Refining Patient Selection and Risk Stratification
If the ZEUS trial yields positive results, ziltivekimab could become a cornerstone of therapy for patients with residual inflammatory risk, particularly those with CKD who often have limited treatment options. Furthermore, the insight that IL-6 modifies Lp(a) risk suggests that clinicians could use IL-6 levels to identify which patients with high Lp(a) are at the highest immediate risk. This could help prioritize patients for both anti-inflammatory therapies and emerging Lp(a)-lowering agents.

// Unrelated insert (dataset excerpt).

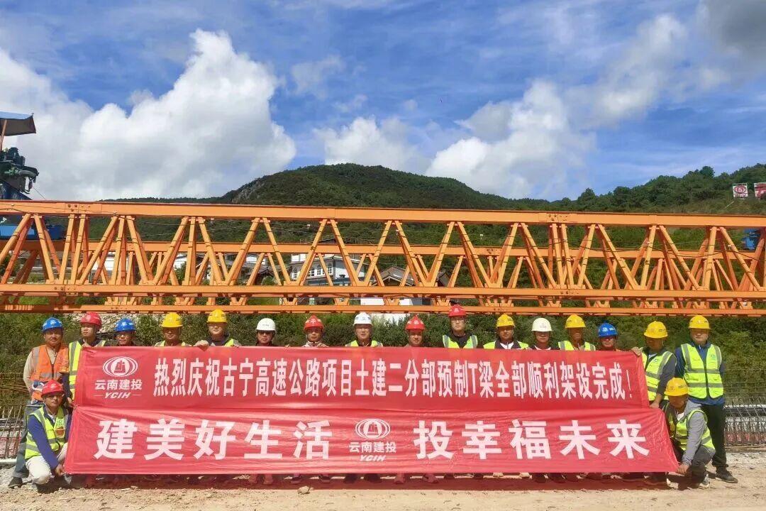 10月12日,随着松云村2号桥右幅9-4#T梁精准落位,古宁高速公路项目土建二分部全部T梁架设完成,分部桥梁工程全面进入桥面系施工阶段。

Mechanistic Insights and Biological Plausibility
The biological rationale for IL-6 inhibition is robust. IL-6 stimulates the production of acute-phase reactants in the liver, promotes leukocyte recruitment to the arterial wall, and contributes to plaque instability. In patients with CKD, IL-6 is often chronically elevated due to decreased renal clearance and increased systemic production, contributing to the accelerated atherosclerosis often seen in this population. By targeting IL-6, ziltivekimab addresses a pathway that is pathophysiology-relevant to both cardiovascular and renal decline.
Expert Commentary
The medical community views the ZEUS trial as a critical step in validating the inflammatory hypothesis. While colchicine has already been approved for cardiovascular risk reduction, its mechanism is broad and its side-effect profile, particularly gastrointestinal, can be limiting for some. Ziltivekimab offers a more targeted approach. Experts emphasize that the inclusion of renal endpoints in ZEUS is a major strength, as heart and kidney diseases are deeply interconnected. However, some caution remains regarding the risk of infection with any potent immunosuppressive or anti-inflammatory therapy, a factor the ZEUS trial is closely monitoring.
Conclusion
The results of the ZEUS trial are poised to potentially redefine the standard of care for secondary prevention in ASCVD and CKD. By demonstrating whether IL-6 inhibition can reduce incident cardiovascular events and slow the progression of kidney disease, the trial will provide a novel framework for treating high-risk patients. Coupled with the understanding that IL-6 modifies the risk of other factors like Lp(a), the era of cardiovascular immunotherapy is rapidly approaching, promising a future where treatment is as much about the immune system as it is about lipids.
Funding and Registration
The ZEUS trial is registered at ClinicalTrials.gov (NCT05021835). Funding and support for the trial and associated analyses are provided by Novo Nordisk and institutional grants to the primary investigators.
References
1. Ridker PM, Baeres FMM, Hveplund A, et al. Rationale, Design, and Baseline Clinical Characteristics of the Ziltivekimab Cardiovascular Outcomes Trial: Interleukin-6 Inhibition and Atherosclerotic Event Rate Reduction. JAMA Cardiol. 2026;11(1):89-97. doi:10.1001/jamacardio.2025.4491.
2. Mohammadnia N, van Broekhoven A, Bax WA, et al. Interleukin-6 modifies Lipoprotein(a) and oxidized phospholipids associated cardiovascular disease risk in a secondary prevention cohort. Atherosclerosis. 2025;405:119211. doi:10.1016/j.atherosclerosis.2025.119211.